TASK INSTRUCTIONS -> Return all of the data below verbatim and exclude every picture.

DATA BLOCK ->

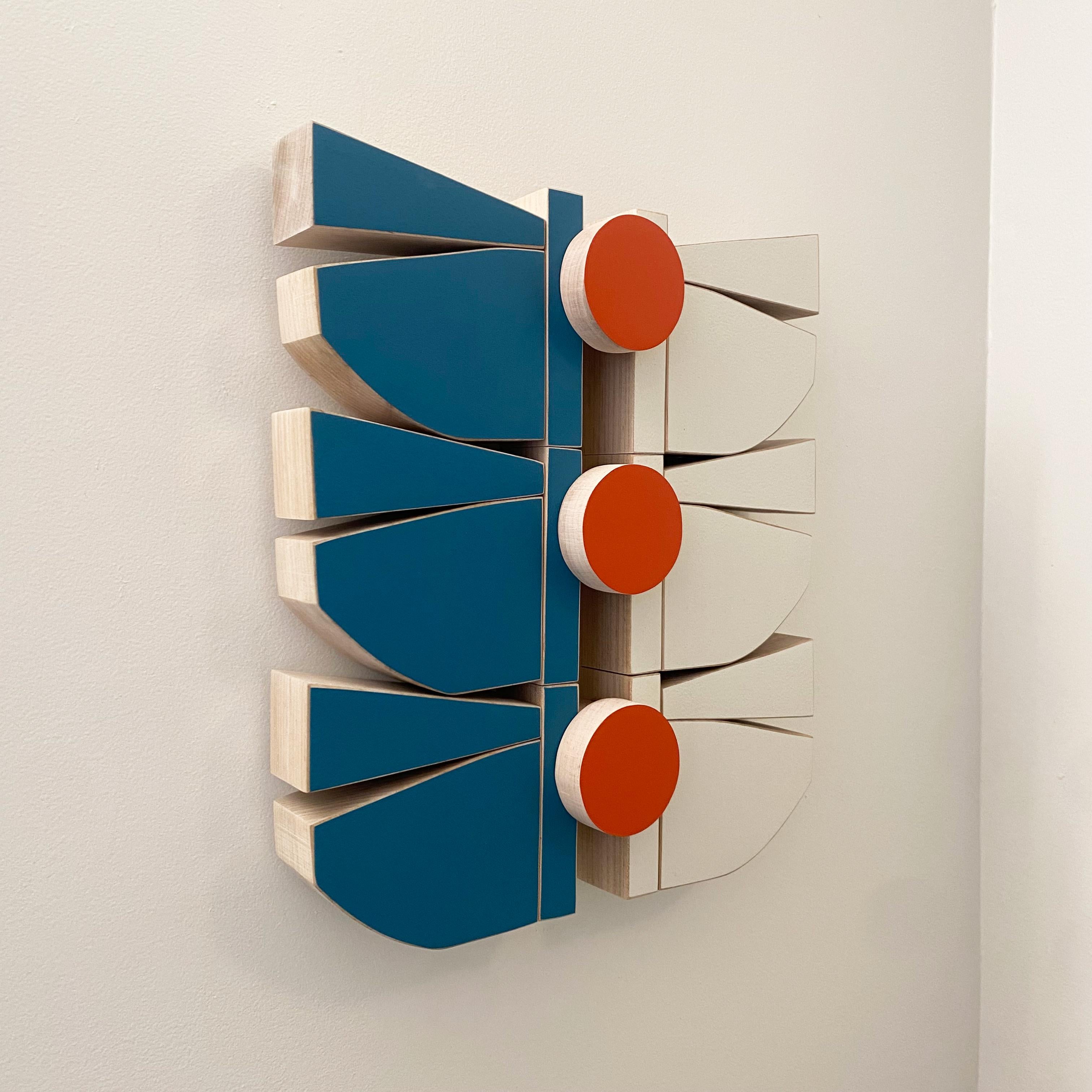 Scott Troxel„Oranges“ Wandskulptur aus Holz, mcm, orange, rot, Kürbis, marineblau, modernismus, 2022
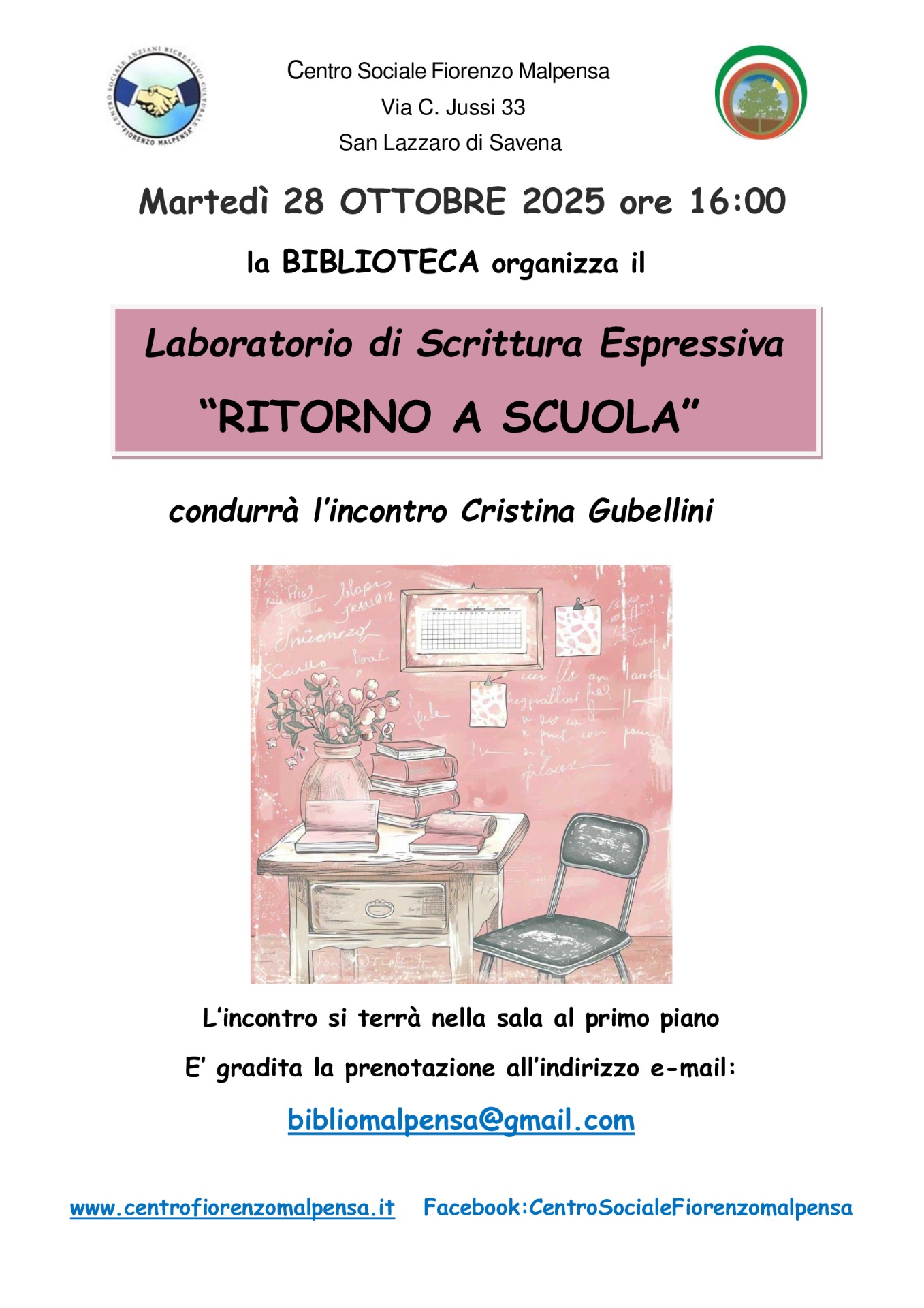 E´ gradita la prenotazione all'indirizzo e-mail: bibliomalpensa@gmail.com
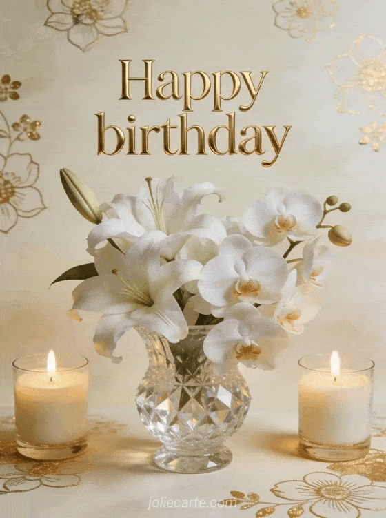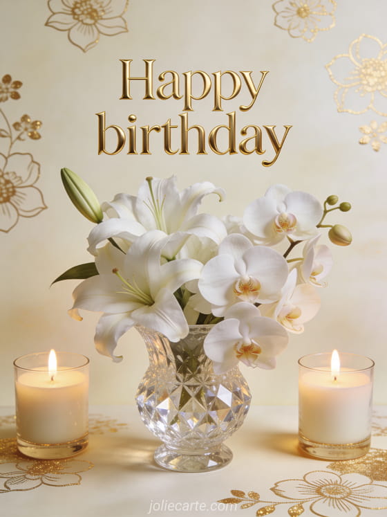 Share warm and sincere birthday wishes with a refined arrangement of white lilies and orchids in a crystal vase. Discover also a happy birthday flowers card or happy birthday gifs.

OUTPUT BELOW ->
 Scott Troxel„Oranges“ Wandskulptur aus Holz, mcm, orange, rot, Kürbis, marineblau, modernismus, 2022
 E´ gradita la prenotazione all'indirizzo e-mail: bibliomalpensa@gmail.com
 Share warm and sincere birthday wishes with a refined arrangement of white lilies and orchids in a crystal vase. Discover also a happy birthday flowers card or happy birthday gifs.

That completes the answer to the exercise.